Most of those above steps are going to be a waste of your time, so pick and choose which ones seem relevant to your issue.

When I see "Windows Cannot find any Networks", or "try switching your wireless mode on" the first thing I think of is that you are using an integrated wireless adapter and it is switched off. Have you checked for that when you get either of those messages?

I understand that on Toshibas the switch is low on the front of the laptop, and the LED to indicate status is Red for on. There may also be a software switch (utility).


----------



## chilakilez

Whenever i turn the switch off, and turn it back on again, then it's when it appears "Windows Cannot find any Networks" if i don't turn it off it remains connected to the network under "Limited Connectivity". 
And indeed, there is a Toshiba utility, same results whenever i turn it off and on.
Somehow there is something that works just restarting the laptop.


----------



## TerryNet

What operating system?


----------



## JohnWill

Download and run this Xirrus Wi-Fi Inspector, paste a screen shot of the main screen here.

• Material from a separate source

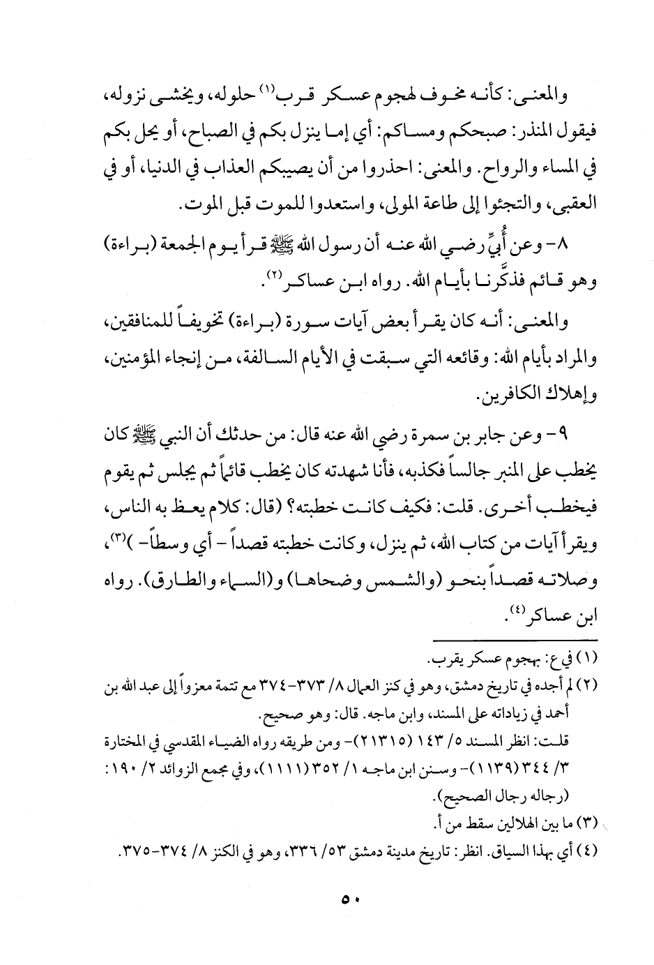 8 - وعن أُبيِّ رضي الله عنه أن رسول الله صلى الله عليه وسلم قرأ يوم الجمعة (براءة) وهو قائم فذكَّرنا بأيام الله. رواه ابن عساكر (¬2).

To post a screen shot of the active window, hold the _*Alt*_ key and press the *PrtScn* key. Open the Windows PAINT application and _*Paste*_ the screen shot. You can then use PAINT to trim to suit, and save it as a JPG format file. To upload it to the forum, open the full reply window and use the _*Manage Attachments*_ button to upload it here.


----------



## chilakilez

it's Windows Vista Home Premium / SP2 and will do post the screenshot asap, thanks guys


----------



## TerryNet

> Drivers are updated ...


You have the latest wireless driver from Toshiba's web site, right? Intel warns that sometimes the motherboard or PC manufacturer makes changes to their drivers to make them work in the particular system.


----------